--- SOURCE MATERIAL ---
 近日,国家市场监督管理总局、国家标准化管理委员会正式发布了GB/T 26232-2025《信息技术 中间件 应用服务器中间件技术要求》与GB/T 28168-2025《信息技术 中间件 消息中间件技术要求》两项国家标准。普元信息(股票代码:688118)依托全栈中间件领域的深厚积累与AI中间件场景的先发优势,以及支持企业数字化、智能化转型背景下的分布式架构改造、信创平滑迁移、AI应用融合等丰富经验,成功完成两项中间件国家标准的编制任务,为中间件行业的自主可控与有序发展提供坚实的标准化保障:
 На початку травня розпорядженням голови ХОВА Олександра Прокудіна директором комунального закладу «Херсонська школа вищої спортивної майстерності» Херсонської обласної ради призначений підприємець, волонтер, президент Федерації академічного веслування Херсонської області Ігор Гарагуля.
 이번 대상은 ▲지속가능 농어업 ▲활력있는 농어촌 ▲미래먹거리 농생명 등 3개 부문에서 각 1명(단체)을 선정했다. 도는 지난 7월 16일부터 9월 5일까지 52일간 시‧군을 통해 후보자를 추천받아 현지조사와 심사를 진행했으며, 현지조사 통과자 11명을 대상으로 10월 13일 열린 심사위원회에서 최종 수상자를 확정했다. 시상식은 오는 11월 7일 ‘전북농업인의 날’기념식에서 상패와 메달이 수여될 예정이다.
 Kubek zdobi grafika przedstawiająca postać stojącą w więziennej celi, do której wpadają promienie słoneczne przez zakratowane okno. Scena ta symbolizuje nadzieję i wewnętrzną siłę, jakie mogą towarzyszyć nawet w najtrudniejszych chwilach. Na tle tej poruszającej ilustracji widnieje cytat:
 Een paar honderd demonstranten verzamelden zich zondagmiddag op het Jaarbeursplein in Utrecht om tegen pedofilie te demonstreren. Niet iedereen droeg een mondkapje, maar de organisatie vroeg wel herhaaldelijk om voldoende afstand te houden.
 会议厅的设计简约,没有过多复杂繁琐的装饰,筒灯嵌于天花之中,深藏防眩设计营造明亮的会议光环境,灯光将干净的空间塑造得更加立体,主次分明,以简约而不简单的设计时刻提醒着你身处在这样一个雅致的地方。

--- TASK TO COMPLETE ---
Reproduce the records above exactly. Leave nothing out.

--- EXERCISE OUTPUT ---
 近日,国家市场监督管理总局、国家标准化管理委员会正式发布了GB/T 26232-2025《信息技术 中间件 应用服务器中间件技术要求》与GB/T 28168-2025《信息技术 中间件 消息中间件技术要求》两项国家标准。普元信息(股票代码:688118)依托全栈中间件领域的深厚积累与AI中间件场景的先发优势,以及支持企业数字化、智能化转型背景下的分布式架构改造、信创平滑迁移、AI应用融合等丰富经验,成功完成两项中间件国家标准的编制任务,为中间件行业的自主可控与有序发展提供坚实的标准化保障:
 На початку травня розпорядженням голови ХОВА Олександра Прокудіна директором комунального закладу «Херсонська школа вищої спортивної майстерності» Херсонської обласної ради призначений підприємець, волонтер, президент Федерації академічного веслування Херсонської області Ігор Гарагуля.
 이번 대상은 ▲지속가능 농어업 ▲활력있는 농어촌 ▲미래먹거리 농생명 등 3개 부문에서 각 1명(단체)을 선정했다. 도는 지난 7월 16일부터 9월 5일까지 52일간 시‧군을 통해 후보자를 추천받아 현지조사와 심사를 진행했으며, 현지조사 통과자 11명을 대상으로 10월 13일 열린 심사위원회에서 최종 수상자를 확정했다. 시상식은 오는 11월 7일 ‘전북농업인의 날’기념식에서 상패와 메달이 수여될 예정이다.
 Kubek zdobi grafika przedstawiająca postać stojącą w więziennej celi, do której wpadają promienie słoneczne przez zakratowane okno. Scena ta symbolizuje nadzieję i wewnętrzną siłę, jakie mogą towarzyszyć nawet w najtrudniejszych chwilach. Na tle tej poruszającej ilustracji widnieje cytat:
 Een paar honderd demonstranten verzamelden zich zondagmiddag op het Jaarbeursplein in Utrecht om tegen pedofilie te demonstreren. Niet iedereen droeg een mondkapje, maar de organisatie vroeg wel herhaaldelijk om voldoende afstand te houden.
 会议厅的设计简约,没有过多复杂繁琐的装饰,筒灯嵌于天花之中,深藏防眩设计营造明亮的会议光环境,灯光将干净的空间塑造得更加立体,主次分明,以简约而不简单的设计时刻提醒着你身处在这样一个雅致的地方。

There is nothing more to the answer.